Actitud del candidato que ha superado el examen de dan

 Todos somos felices cuando aprobamos un examen de dan. No obstante, ello no es razón para salir del dojo sin saludar o abrazarse en el tatami para felicitarse mutuamente, actitud que no se debe fomentar. Aprobar un grado o ganar una competición son dos actos de distinta naturaleza. Lo primero que hay que agradecer es al examinador, luego a su profesor y los sempais, y sólo a partir de entonces, se puede compartir la alegría con los amigos. En Francia, durante los primeros tiempos de mi estancia, los practicantes que acababan de superar el examen también ofrecían a sus profesores y amigos una pequeña fiesta en un bar y no se dudaba en descorchar una botella de champán. Incluso cuando yo era uchi-deshi, las personas de educación formal ofrecían al maestro, a sus sempai y a sus amigos aikidokas una cena de agradecimiento.

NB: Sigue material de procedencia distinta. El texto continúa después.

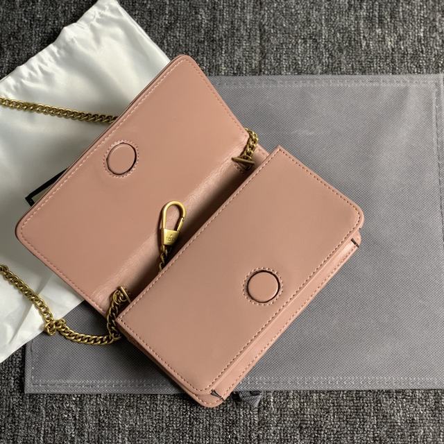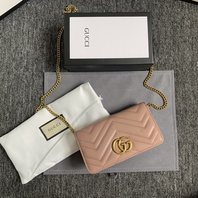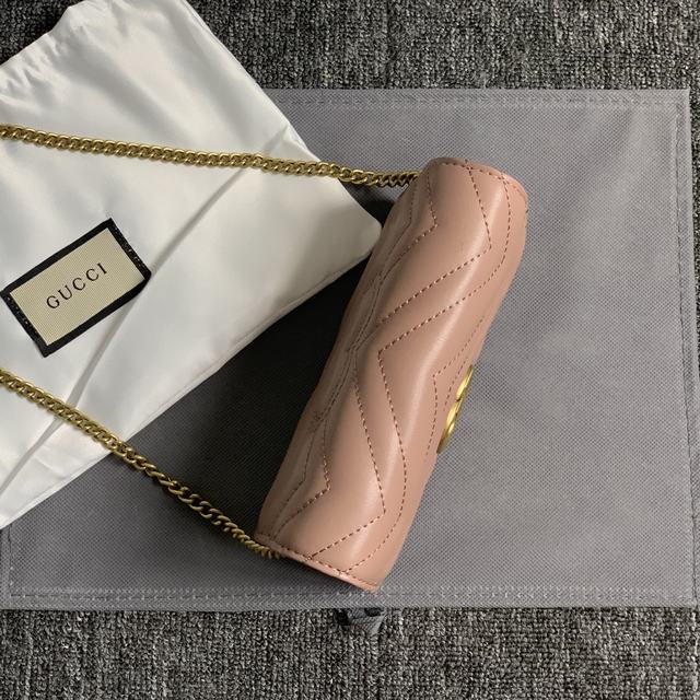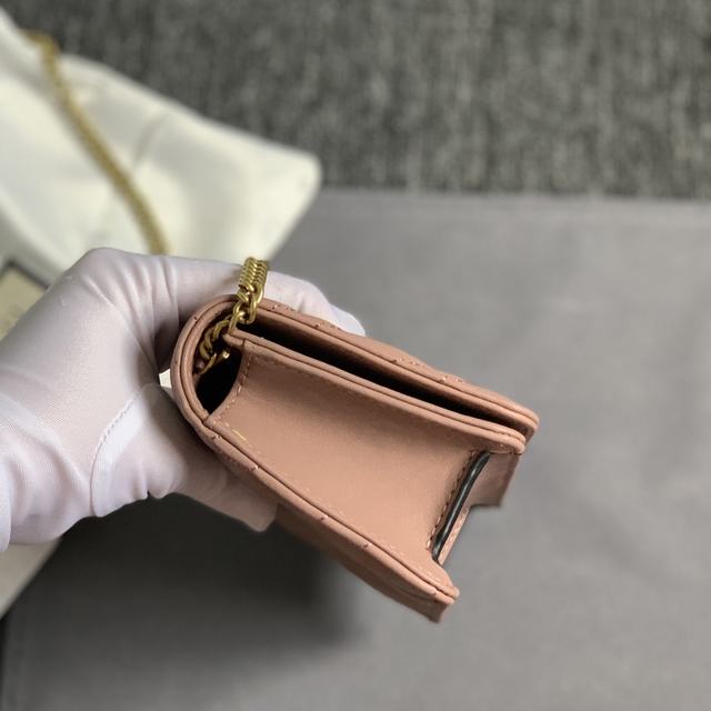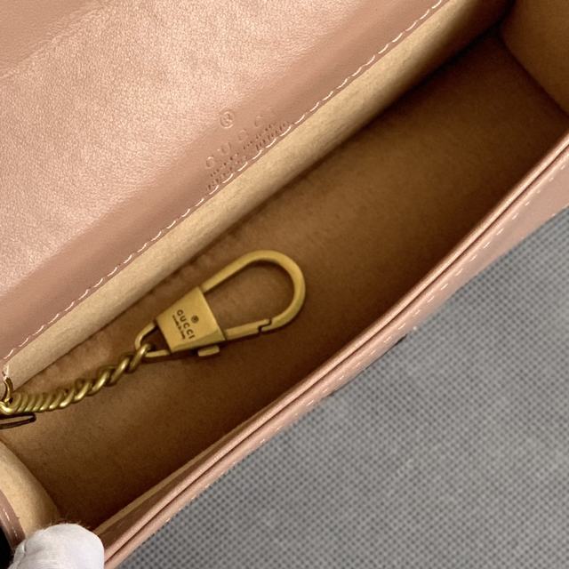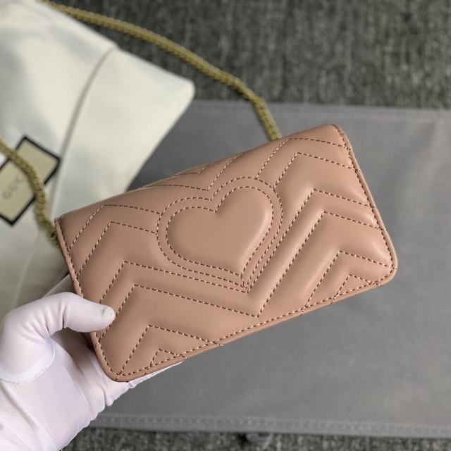 GG Marmont迷你链条包,采用绗缝真皮,配以人形花纹设计和心形图案 经典双G logo很有辨识度 磁吸开合设计很方便 包包虽小 容量很🉑️噢~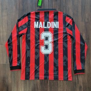 Paolo Maldini AC Milan New Men's Retro Long Sleeve Lotto Soccer Jersey

Por supuesto, para los jóvenes eso es un poco difícil de sufragar, pero ¿acaso es imposible ofrecer por lo menos el gesto de ofrecer, por ejemplo, un aperitivo para celebrar la ocasión?. Y si esto aún es pedir demasiado, en cualquier caso, por lo menos será posible de dar las gracias.

Es cierto que el hecho de haber conseguido superar un grado se debe al trabajo, los esfuerzos y aptitudes personales, pero no hay que olvidar la ayuda recibida por parte del profesor, los sempais y los ánimos dados por los compañeros de trabajo.


De ahí que se ha de educar a los alumnos en este sentido. Es aconsejable escuchar los comentarios sobre la actitud de uno mismo durante el examen y pedir la opinión del profesor y de los alumnos más antiguos para crearse una base de trabajo.